By the way, Spreadshirt does not do Iron-on printing, though. They do vinyl (flex / flock) printing, which is on par with screen printing.


----------



## Rodney

Xeon said:


> Try....Custom T-Shirts - Design T-Shirts Online - T-Shirt Screen Printing
> 
> By the way, Spreadshirt does not do Iron-on printing, though. They do vinyl (flex / flock) printing, which is on par with screen printing.


CustomInk does screen printing, but they don't do fulfillment.

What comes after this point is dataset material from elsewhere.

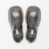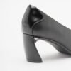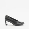 Black leather shoes, characterized by an asymmetrical toe and curved heel with silver detailing.

I think rawtalentinc.com does both screen printing and fulfillment. There are others out there as well.


----------



## waxtutor

Spreadshirt now offers DTG printing. you should upload one of your more complex color designs and order a sample from them that is what I am doing.


----------



## waxtutor

doesn't printmojo.com offer a silkscreen fulfillment service?


----------



## SchneiderStudios

try Bluecotton, they are good


----------



## splathead

Yes, printmojo is an option. Although for 30 shirts, you'll come out a lot cheaper with your local screenprinter if the design is the same for all of them.


----------



## ladydragon

Does anyone have any thoughts or leads on a nonthird party fulfillment? I have sites on places like spreadshirt, zazzle etc. But as a creator you don't make any money as the fulfillment processor is making 98% or higher. Yes you can change the percentage fo comission but the higher the comission is the more the price of the shirts rise making it less likely for people to order from you. Thanks!


----------



## splathead

what is a 'nonthird party'? 

Do it in-house. That's the only real way to make money.


----------